━━ EXTRACTED ENTRIES ━━

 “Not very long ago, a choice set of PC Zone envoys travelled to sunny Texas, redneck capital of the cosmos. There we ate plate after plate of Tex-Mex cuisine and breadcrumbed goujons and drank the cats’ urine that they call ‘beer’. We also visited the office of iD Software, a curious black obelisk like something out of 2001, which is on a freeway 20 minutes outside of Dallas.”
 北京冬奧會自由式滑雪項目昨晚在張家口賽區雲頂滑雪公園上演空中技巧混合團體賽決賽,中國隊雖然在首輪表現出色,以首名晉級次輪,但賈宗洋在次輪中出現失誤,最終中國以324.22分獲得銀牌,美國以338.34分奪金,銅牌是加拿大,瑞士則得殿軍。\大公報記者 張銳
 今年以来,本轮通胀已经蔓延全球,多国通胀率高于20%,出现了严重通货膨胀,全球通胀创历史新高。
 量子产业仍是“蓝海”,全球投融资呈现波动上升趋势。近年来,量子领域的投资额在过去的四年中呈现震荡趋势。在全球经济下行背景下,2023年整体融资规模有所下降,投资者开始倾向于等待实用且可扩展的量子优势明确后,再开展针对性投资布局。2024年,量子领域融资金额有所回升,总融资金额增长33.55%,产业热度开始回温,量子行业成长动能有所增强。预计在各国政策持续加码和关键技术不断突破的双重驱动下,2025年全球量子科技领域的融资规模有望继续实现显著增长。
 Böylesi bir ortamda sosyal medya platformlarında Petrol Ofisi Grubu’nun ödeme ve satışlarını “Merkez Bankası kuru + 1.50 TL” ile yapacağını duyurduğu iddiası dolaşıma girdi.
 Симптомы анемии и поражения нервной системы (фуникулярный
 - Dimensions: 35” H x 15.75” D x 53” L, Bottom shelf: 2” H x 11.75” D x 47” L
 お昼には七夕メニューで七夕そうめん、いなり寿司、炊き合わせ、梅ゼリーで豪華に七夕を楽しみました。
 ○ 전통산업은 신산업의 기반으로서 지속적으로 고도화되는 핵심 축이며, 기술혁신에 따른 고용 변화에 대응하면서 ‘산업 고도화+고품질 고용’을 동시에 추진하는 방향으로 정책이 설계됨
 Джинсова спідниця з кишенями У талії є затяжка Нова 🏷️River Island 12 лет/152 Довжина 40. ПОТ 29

━━━

* AIM OF THE EXERCISE
Please return only the lines above, starting at the line that has "北京冬奧會自由式滑雪項目昨晚" and ending at the line that has "今年以来,本轮通胀已经蔓延全", keeping both and leaving each one unchanged.

* FINAL ANSWER
 北京冬奧會自由式滑雪項目昨晚在張家口賽區雲頂滑雪公園上演空中技巧混合團體賽決賽,中國隊雖然在首輪表現出色,以首名晉級次輪,但賈宗洋在次輪中出現失誤,最終中國以324.22分獲得銀牌,美國以338.34分奪金,銅牌是加拿大,瑞士則得殿軍。\大公報記者 張銳
 今年以来,本轮通胀已经蔓延全球,多国通胀率高于20%,出现了严重通货膨胀,全球通胀创历史新高。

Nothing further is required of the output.